Of particular interest is the long-standing observation that humans understand speech-in-noise much better when it is paired with a video of the talker’s face (Sumby and Pollack, 1954). The ability to rapidly generate a synthetic face saying arbitrary words suggests the possibility of an “audiovisual hearing aid” that displays a synthetic talking face to improve comprehension. This possibility received support from two recent studies that used deep neural networks (DNNs) to generate realistic, synthetic talking faces (Shan et al., 2022; Varano et al., 2022).
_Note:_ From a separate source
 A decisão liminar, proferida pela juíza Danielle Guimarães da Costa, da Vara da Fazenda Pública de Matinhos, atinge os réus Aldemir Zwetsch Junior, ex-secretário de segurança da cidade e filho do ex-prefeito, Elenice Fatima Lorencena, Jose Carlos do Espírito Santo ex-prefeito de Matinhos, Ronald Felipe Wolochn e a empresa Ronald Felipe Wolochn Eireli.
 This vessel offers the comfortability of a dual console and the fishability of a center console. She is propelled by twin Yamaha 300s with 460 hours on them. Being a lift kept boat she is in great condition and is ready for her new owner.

Both studies found that viewing synthetic faces significantly improved speech-in-noise perception, but the benefit was only about half as much as viewing a real human talker.
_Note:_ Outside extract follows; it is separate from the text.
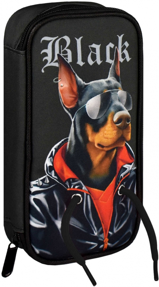 Пенал школьный Феникс+, арт.64169/ 24 ДОБЕРМАН (без наполнения, 10х20х4.5 см, полиэстер, молния, металлические люверсы, сублимационная печать, шнурки,1 отделение, особенности: внутренний карман, ПЭТ-пакет).
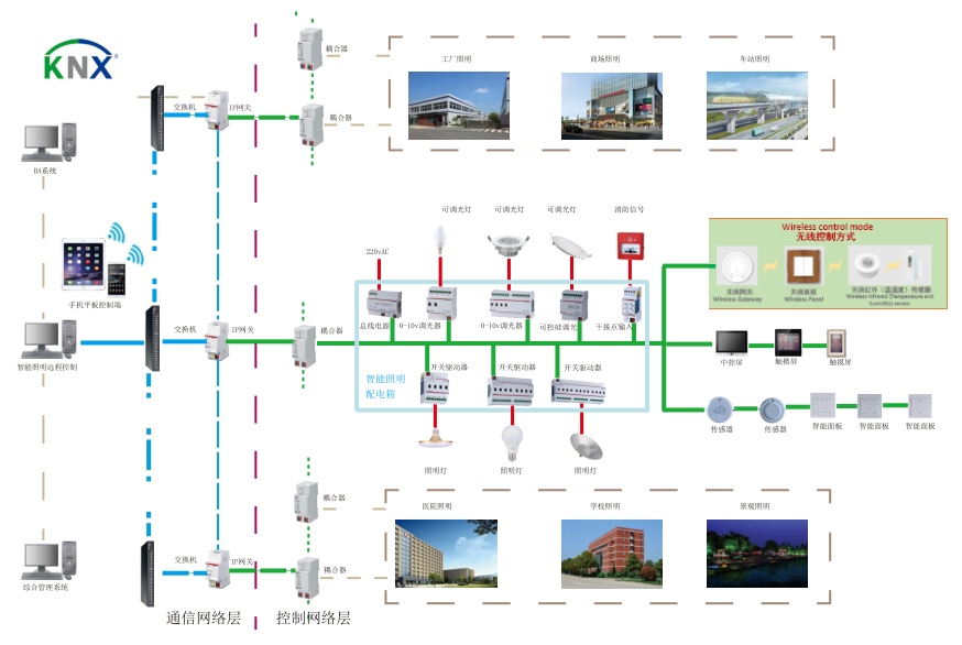 系統通過標準的2*2*0.8EIB BUS總線(即KNX總線)將所有的智能照明控制模塊連接到一起,并組成一套完整的控制系統。該系統理論大連接控制模塊數量達58000多個,在實際項目應用中,系統即可實現照明燈具的遠程集中控制,又可實現就近控制功能。其靈活多樣的智能化控制及龐大的設備容量,特別適用于醫院、學校、酒店及各類體育場所、機場、隧道等大型公建項目照明系統的智能化控制。

The substantial disadvantage of synthetic faces raises the question of whether alternative techniques for generating synthetic faces might provide a greater perceptual benefit. DNNs associate given speech sounds with visual features in their training dataset, but do not contain any explicit models of the facial musculature. In contrast, the facial action coding system (FACS) uses 46 basic action units to represent all possible movements of the facial musculature that are visually discernable (Ekman and Friesen, 1976, 1978; Parke and Waters, 2008). Unlike DNNs, the FACS scheme is built on an understanding of the physical relationship between speech and facial anatomy, potentially resulting in more accurate representations of speech movements. To test this idea, we undertook a behavioral study to compare the perception of speech-in-noise on its own; speech-in-noise with real faces (to serve as a benchmark); and speech-in-noise presented with two types of synthetic faces. The first synthetic face type was generated by a deep neural network, as in the studies of (Shan et al., 2022; Varano et al., 2022). The second synthetic face type was generated using FACS, as implemented in the commercial software package JALI (Edwards et al., 2016; Zhou et al., 2018). For comparison with previous studies, we performed a word-level analysis in which each response was scored as correct or incorrect. To facilitate more fine-grained comparisons between the different face types, we also analyzed data using the phonemic content of each stimulus word.
Methods
Participant recruitment and testing
All experiments were approved by the Institutional Review Board of the University of Pennsylvania, Philadelphia, PA. Participants were recruited and tested using Amazon Mechanical Turk,1 an online platform that provides access to an on-demand workforce. Only “master workers” were recruited, classified as such by Amazon based on their high performance and location in the United States. Sixty-two participants completed the main experiment (median time to complete: 12 min) and received $5 reimbursement. The participants answered the questions “Do you have a hearing impairment that would make it difficult to understand words embedded in background noise?” and “Do you have an uncorrected vision impairment that would make it difficult to watch a video of a person talking?” One participant was excluded because of a reported hearing impairment, leaving 61 participants whose data is reported here. There were 25 females and 36 males, mean age 46 years, range 30–72.
Overview
Workers were asked to enroll in the experiment only if they were using a desktop or laptop PC or a tablet (but not a phone) and information about the user’s system was collected to verify compliance. At the beginning of the experiment, participants viewed an instructional video (recorded by author MSB) that explained the task and presented examples of the different experimental stimuli. The instructional video was accompanied by text instructions stating “Please adjust your window size and audio volume so that you can see and hear everything clearly.”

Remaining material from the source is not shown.